In 1795, the currency situation in the Habsburg Monarchy was one of profound crisis, directly fueled by the immense financial demands of the ongoing war against revolutionary France. The state's traditional revenues were utterly insufficient to fund the military, leading the government of Emperor Francis II to rely overwhelmingly on the expedient of printing paper money. This currency, known as
Bancozettel, was initially introduced in 1762 as a state bond but had evolved into a forced circulating paper money. By 1795, new issues were being printed at an accelerating pace to meet urgent wartime expenditures, flooding the economy with unbacked currency.
This massive expansion of the money supply led to severe inflation and a dramatic loss of confidence. While the
Bancozettel nominally traded alongside silver coinage, a sharp and growing disparity emerged between their values. A vibrant and destabilizing black market for specie (silver and gold coins) developed, as the public and merchants, distrusting the ever-depreciating paper, hoarded metallic money. Consequently, a dual-price system became common, with goods priced much higher when paid for with paper
Bancozettel than with silver gulden, effectively creating a chaotic monetary schism within the empire's economy.

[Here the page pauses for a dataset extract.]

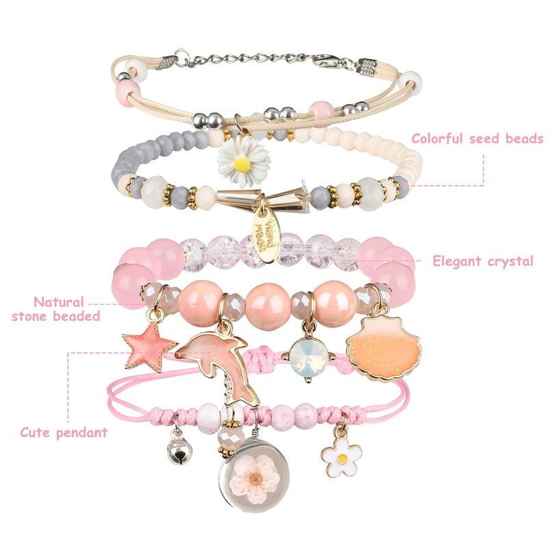 ZYLLGLOW 4 Pcs Beaded Cute Bracelets For Teen Girls Women Hand Made Adjustable Bracelets Anklets Gifts For Friends

The government's attempts to manage the crisis were largely ineffective. Official decrees aimed at fixing the exchange rate between paper and silver failed, as market forces and public skepticism rendered them unenforceable. The fundamental problem was the absence of fiscal discipline or sufficient metallic reserves to back the paper issues. Thus, by 1795, the Austrian Empire was entrenched in a cycle of inflationary finance, where printing money to pay for war further devalued the currency, increasing the real cost of the war and eroding economic stability—a pattern that would worsen dramatically in the coming decades.